A Breakthrough and a
Life Mission
In 1954 Sung-Hun Choi became a full-time pastor. After graduating from Korean Union College he went to Hadong as a church pastor and worked hard to preach the three angels’ messages in this area. Around that time he met the lepers from the leper village near Hadong. This encounter changed his life, and he served lepers from that moment until the end of his life. However, this was not an easy task. Because of ignorance and prejudice he could not be close to them at first. Even though he would shake hands with his leper congregation after worship he thought it was impossible to eat together in their houses. He was afraid of becoming infected. One day a leper couple invited him to eat with them in their humble home as a token of their appreciation. He knew that if he declined the invitation with some excuse, they would be disappointed and turn away from Christianity because they were new believers. Even though he was afraid, he knew he should show them God’s love as a pastor. He accepted the invitation and shared a special meal with them. From that time on he felt that he had become a real pastor to the lepers. He became a kernel of wheat to the lepers in Korea, providing not only much-needed resources to this forgotten community, but also sharing practically—through his ministry and personal involvement—their pains and joys.

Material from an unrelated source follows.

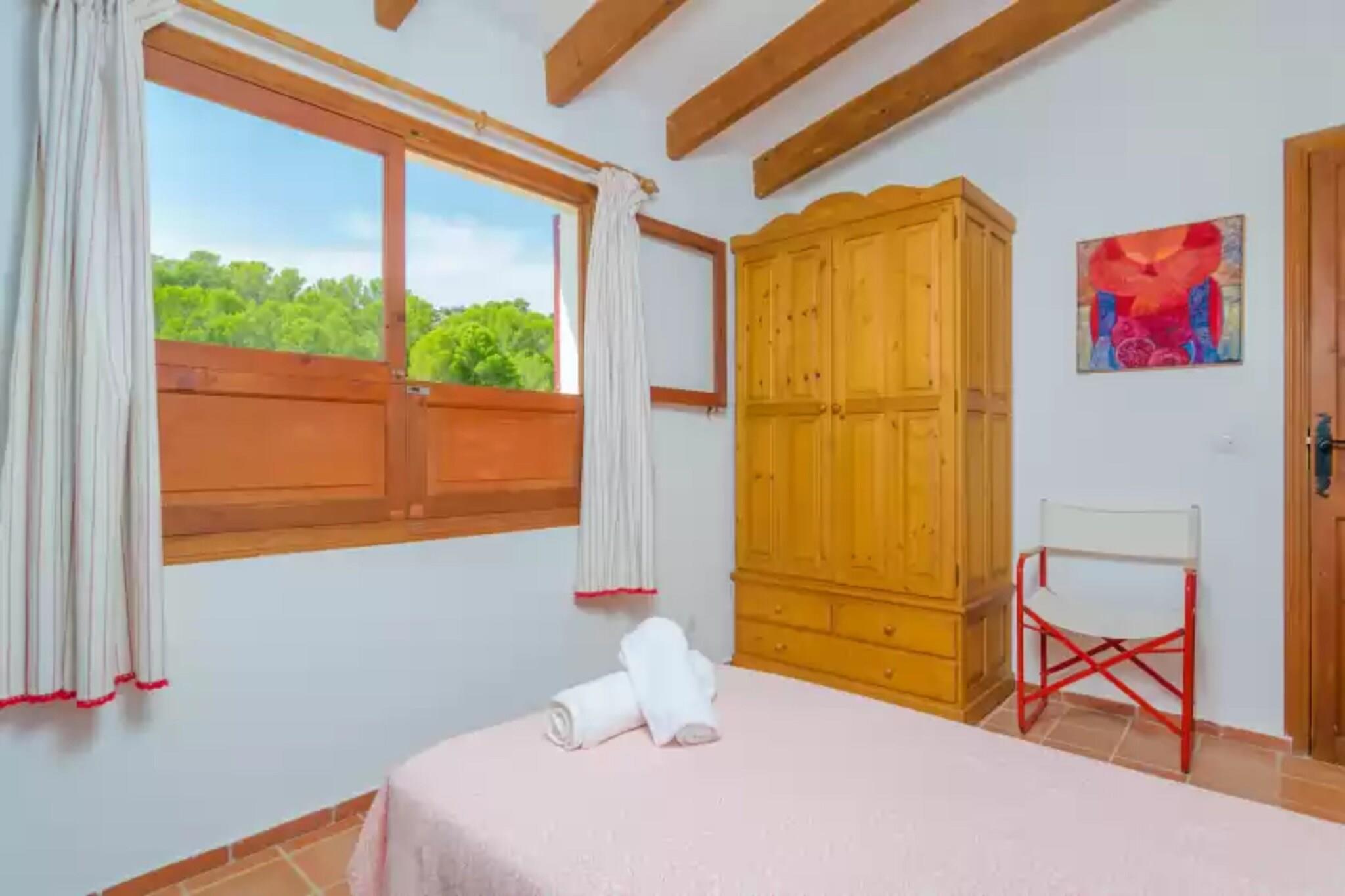 In een ongelofelijke natuurlijke omgeving kunt u een verfrissende duik nemen in het prachtige chloorbad van 12 x 6 meter met een diepte tussen de 1,50 en 1,80 meter. Daaromheen het fantastische terras om te zonnebaden op een van de ligstoelen terwijl u geniet van het prachtige uitzicht op de velden en bossen. Naast het zwembad vindt u diverse gemeubileerde ruimtes waar u kunt genieten van het mooie weer terwijl u 's ochtends geniet van een uitgebreid ontbijt of een drankje drinkt bij zonsondergang. Naast het huis kunt u buiten lunchen of dineren onder het rieten dak omgeven door prachtige vegetatie. Het huis heeft prachtige tuinen waar u buiten kunt genieten van het prachtige Mallorcaanse weer. Het terrein is omheind en er zijn buren in de buurt. Het huis heeft 190 m2 verdeeld over twee verdiepingen. Het heeft een unieke stijl waarbij traditionele elementen zoals houten balken of stenen muren behouden zijn gebleven, gecombineerd met moderne elementen zodat u van alle gemakken bent voorzien tijdens uw verblijf. Bij binnenkomst vindt u een ruime woonkamer - eetkamer met een bank en fauteuils waar u heerlijk kunt uitrusten terwijl u televisie kijkt naast de rustieke eettafel. Het heeft ook een open haard om warm te blijven op koude dagen. De keuken is onafhankelijk en goed uitgerust om tijdens de vakantie te koken. Het heeft een gasfornuis, magnetron, elektrische oven en een tafel met stoelen om onder andere samen te koken. Ook vindt u er een wasmachine, strijkijzer en strijkplank. Deze verdieping wordt compleet gemaakt met de eerste slaapkamer voorzien van een tweepersoonsbed en kledingkast. Boven nog twee slaapkamers, één met twee eenpersoonsbedden en kledingkast en de tweede met tweepersoonsbed en kledingkast en en-suite badkamer met douche. Nog een badkamer met ligbad maakt deze verdieping compleet. De laatste slaapkamer bevindt zich in een bijgebouw buiten het huis. Het heeft een tweepersoonsbed en een eenpersoonsbed, evenals een kledingkast en een open haard voor de koudste nachten. Het heeft ook een en-suite badkamer met douche. De accommodatie beschikt over 4 staande ventilatoren, waardoor u hem overal in huis kunt gebruiken zoals u wilt. Als u met een baby reist, kunnen wij een wieg en een kinderstoel voor u klaarmaken. Dit huis ligt op slechts 1,5 km van de stad Sant Elm, een zeer rustig toeristisch gebied. In de stad vindt u de meest elementaire voorzieningen. Voor al het andere kunt u terecht in Andratx of Puerto de Andratx waar u heerlijk kunt wandelen en genieten van de gastronomie van de omgeving. Het strand van Sant Elm, op 1,5 km afstand, is een klein zandstrand waar u kunt genieten van een gezellig dagje strand. Maar ook vlakbij vind je het kleine Cala Conills, gemaakt van rotsen, een prachtig hoekje waar je heerlijk kunt ontspannen aan zee. Ook een must-visit tijdens de excursie naar het eiland Sa Dragonera. Omdat dit een bosgebied is, is het aansteken van vuur verboden. Voor eventuele extra kosten kunt u contact opnemen met de adverteerder. Wij accepteren geen huisdieren. Het vieren van evenementen is niet toegestaan. Er is buiten parkeergelegenheid voor 3 auto's. Afstanden Strand: 1,5 km - Sant Elm Luchthaven: 45 km - Son San Joan Golfbaan: 33 km - Arabella Golf Stad: 1,5 km - Sant Elm Treinstation: 35 km - Palma Bushalte: 2 km - Sant Elm Veerboot: 34 km - Haven van Palma Ziekenhuis: 25 km - Juaneda Calvia Toeristenvergunning: ETV/8151 Op de Balearen geldt een toeristenbelasting, Ecotasa genaamd, die door de gast moet worden betaald. Het bedrag varieert tussen EURO 0,55 / per nacht per persoon in het laagseizoen en EURO 2,2 / per nacht per persoon in het hoogseizoen. Vanaf de negende dag wordt het met de helft verminderd. Personen onder de 16 jaar uitgesloten.

Choi ministered for 40 years as a pastor. Most of the time he worked to take care of the lepers at Youngshinwon in Hadong, Aejowon in Chungmu, Sosaengwon in Iksan, and in other places. He built many churches, training centers for the children of lepers, and old age homes for the aged lepers. After retiring officially from the ministry, he continued with the same passion until the end of his life. God surely used Pastor Choi to open a window of mission to his fellow Adventists in Korea and beyond. He was a wonderful man of God and is remembered by Korean Adventists as the saint of the lepers. He truly touched the untouchables.
Kuk-Heon Lee ministers as a chaplain and professor at Sahmyook University, Korea. He received his graduate degrees from Newbold College and Sahmyook University and is a specialist in church history.